Beer is sold at all Louisville football and basketball games.  The new arena will serve it too, even the hard stuff can be bought, but I think it has too stay in the lounges.  I've been in the Pepsi suite a few times at Freedom Hall, and free beer and food all around.  That's how basketball was meant to be watched!!!!


----------



## 4Q_iu

*Alcohol and the NCAA...*

The NCAA's current alcohol policy.

Keep in mind that outside of the NCAA, it becomes an issue of venue ownership (university, public, private; location, city, county/parish and state)



Alcohol Advertising
The NCAA is concerned about alcohol abuse linked to athletics events. As a result, the Association strictly limits alcohol advertising during championship events and works to educate student-athletes and fans about the abuses of alcohol.

As with all NCAA policy, this is one determined not by the NCAA national office staff but by leadership from the membership. The NCAA provides its members with resources to assist in educating student-athletes and creating and maintaining an environment that promotes healthy choices about alcohol.

Championship Policy -

The NCAA has for years banned sales and venue advertising of all alcohol at its 88 championships. Host sites are required to cover up any ads for alcoholic drinks. 
The NCAA does not control the regular season in any sport, nor does it run the postseason for the Division I Football Bowl Subdivision.
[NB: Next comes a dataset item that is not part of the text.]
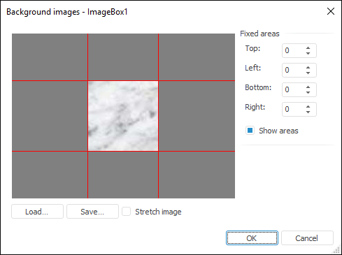 The Display Area checkbox controls displaying red lines separating fixed image area from zoomed areas. Fixed areas are displayed in the same way as in the source file. The rest of the image area is zoomed in accordance with sizes of the ImageBox component. The size of the fixed area is specified in pixels and depends on the sizes of the loaded image.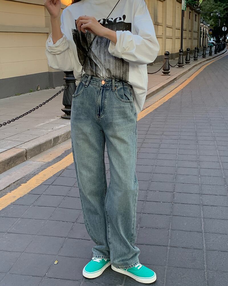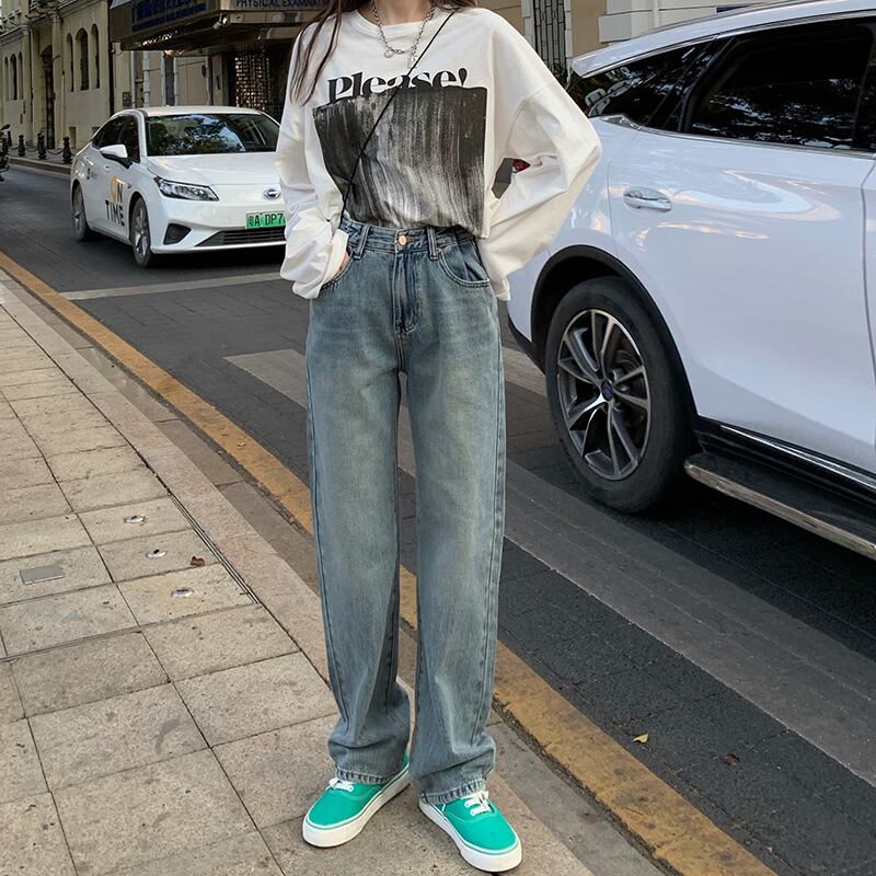 パンツ レディースルーズハイウェストウェストスリムジーンズ スプリングワイドレッグ 春物 ワイドパンツ モンロー81752099090

Individual schools and conferences oversee the regular season, including game operations, broadcasting and advertising. The postseason for Division I Football Bowl Subdivision is controlled by the Bowl Championship Series and individual bowl committees. 
Advertising Policy -

The NCAA limits alcohol advertising during telecasts of its championships to no more than 60 seconds per hour during a broadcast, and it prohibits ads for all beverages where the alcoholic content exceeds six percent. Many of the alcohol ads contain language stressing the legal and responsible use of alcohol. 
Pregame and postgame telecasts are not under NCAA control and not subject to NCAA policy. 
In August 2008, the NCAA Executive Committee affirmed the Association's alcohol policy, including for advertising, describing it as very conservative and appropriate. Moreover, there have not been any proposals from the NCAA membership to change the Association's alcohol advertising policy. 
From: https://www.ncaa.org/wps/portal/ncaahome?WCM_GLOBAL_CONTEXT=/ncaa/ncaa/media+and+events/press+room/current+issues/basketball+resource+page#alcohol


----------



## FORMER SYCAMORE

That’s about advertising.  Sale of alcohol is up to each individual school.  If Indiana State wanted to sell beer at games they could...and I am sure Deever would be all over that.


----------



## Eleven

FORMER SYCAMORE said:


> That’s about advertising.  Sale of alcohol is up to each individual school.  If Indiana State wanted to sell beer at games they could...and I am sure Deever would be all over that.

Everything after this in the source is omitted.